Elizabeth Garrett Anderson

Case study
Elizabeth Garrett Anderson © National Portrait Gallery, London

Becoming a doctor

Elizabeth Garrett was born in London and later lived in Suffolk. She had several siblings, one of whom was Millicent Garrett (later Millicent Garrett Fawcett), who was the president of the National Union Of Women’s Suffrage Societies (NUWSS). Elizabeth married James George Skelton Anderson in 1871 and had three children. She studied chemistry and nursing, and applied to several medical schools, all of which refused to take her. She used a legal loophole and got a doctor’s licence from the Society of Apothecaries in 1865, then qualified as a doctor from the University of Sorbonne in France in 1870. The Medical Act of 1876 finally allowed British universities to accept women on medical degrees. Elizabeth opened the St Mary's Dispensary for Women and Children to treat the poor; this became the New Hospital for Women. 

Campaigning for the vote

At the age of 18, Elizabeth met the campaigner Emily Davies. She was a founding member of the Kensington Society in 1865. Both Emily and Elizabeth signed the 1866 suffrage petition, which they presented to MP John Stuart Mill at Westminster. In June 1874, she led a large suffrage meeting. She was a member of the Central Committee of the National Society for Women’s Suffrage and also belonged to the London Society for Women’s Suffrage from 1906 to 1907. In 1908, Elizabeth moved to the WSPU and took part in a ‘raid’ on the House of Commons.
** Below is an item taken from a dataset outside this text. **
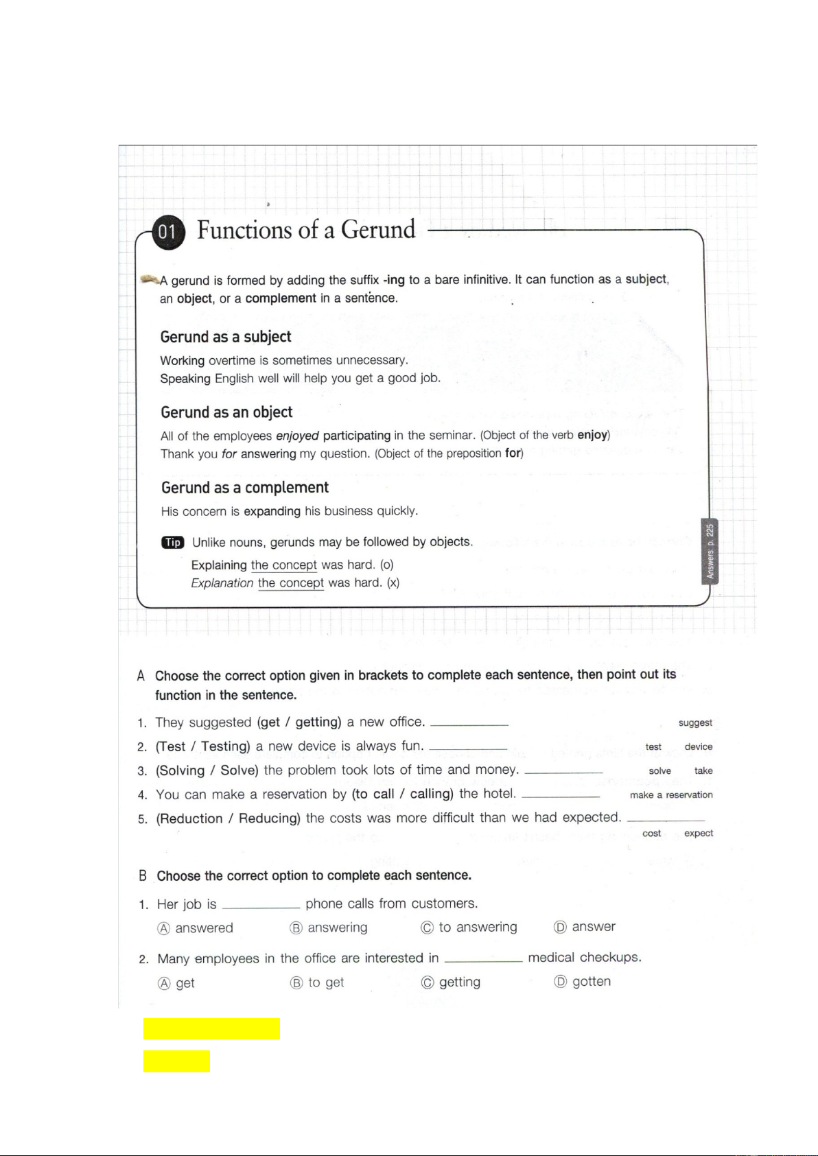FUNCTIONS OF A GERUND - VERBS FOLLOWED BY A GERUND A. 1B,2B,3A,4B,5B B. 1B,2C 10

She took part in the WSPU’s ‘From Prison to Citizenship’ march in London on 18 June 1910 and headed a large, peaceful representation by the WSPU to the Houses of Parliament on 18 November 1910, ending in the violence of ‘Black Friday’. Elizabeth publicly withdrew her support for WSPU militancy after their subsequent escalation of tactics, and withdrew from public life completely in 1913.

Glossary

Questions

  1. What kind of person do you think Elizabeth was?
  2. What do you find most interesting about her story?
  3. How typical do you think she was of suffragists?